20. The shoe sole of claim 16, wherein each said concavely rounded portion of the midsole component outer surface extends from a location on the midsole component outer surface that is above the height of a lowest point of the midsole component inner surface at least to a lowermost point of the outer surface of the midsole component, as viewed in a shoe sole frontal plane cross-section when the shoe sole is unloaded and in an upright condition.
21. The shoe sole of claim 16, wherein each said concavely rounded portion of the midsole component outer surface extends to a sidemost extent of the midsole component, as viewed in a shoe sole frontal plane cross-section when the shoe sole is unloaded and in an upright condition.

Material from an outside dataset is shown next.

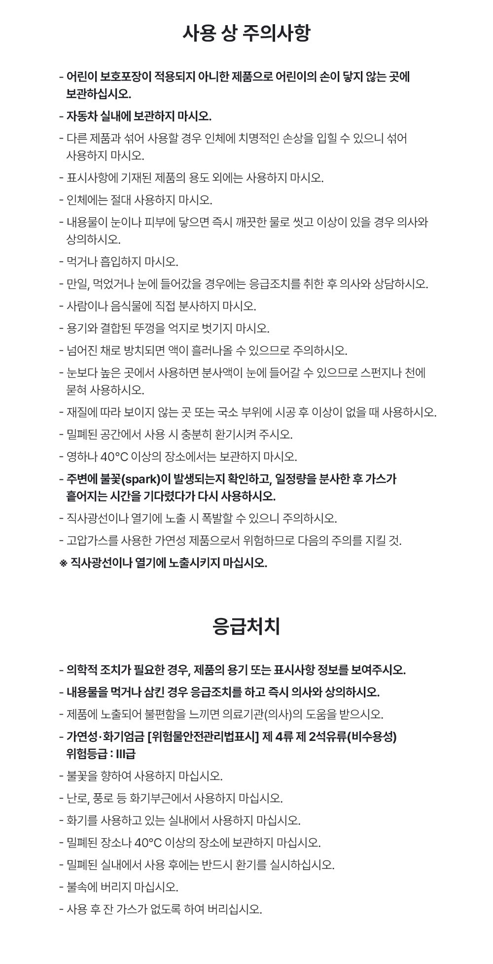 | 9. 사용상 주의사항 | 상세페이지 참조 |

22. The shoe sole of claim 16, wherein the thickness of each said tapered portion tapers to zero, as viewed in a horizontal plane when the shoe sole is upright and in an unloaded condition.
23. The shoe sole of claim 16, wherein at least part of the outer surface of each of said tapered portions is formed by midsole component and is concavely rounded, as viewed in the shoe sole horizontal plane when the shoe sole is upright and in an unloaded condition, the concavity existing with respect to an inner section of midsole component located adjacent to the concavely rounded outer surface of the tapered portion formed by midsole component.
24. The shoe sole of claim 23, wherein the shoe sole comprises at least four said rounded midsole portions.
25. The shoe sole of claim 23, wherein the shoe sole comprises at least five said rounded midsole portions.
26. The shoe sole of claim 23, wherein the shoe sole comprises at least six said rounded midsole portions.
27. The shoe sole of claim 23, wherein the shoe sole comprises at least seven said rounded midsole portions.
28. The shoe sole of claim 23, wherein each said at least one rounded midsole portion encompasses substantially all of its respective part.
29. The shoe sole of claim 28, wherein each said rounded midsole portion encompasses substantially only said respective part.
30. The shoe sole of claim 23, wherein one said rounded midsole portion is located at the lateral midtarsal part.
31. The shoe sole of claim 23, wherein one said rounded midsole portion is located at the main longitudinal arch part.
32. The shoe sole of claim 23, wherein one said rounded midsole portion is located at the medial heel part.
33. The shoe sole of claim 23, wherein one said rounded midsole portion is located at the rear medial forefoot part.
34. The shoe sole of claim 23, wherein one said rounded midsole portion is located at the rear lateral forefoot part.
35. The shoe sole of claim 23, wherein one said rounded midsole portion is located at the lateral heel part.
36. The shoe sole of claim 23, wherein one said rounded midsole portion is located at the forward medial forefoot part.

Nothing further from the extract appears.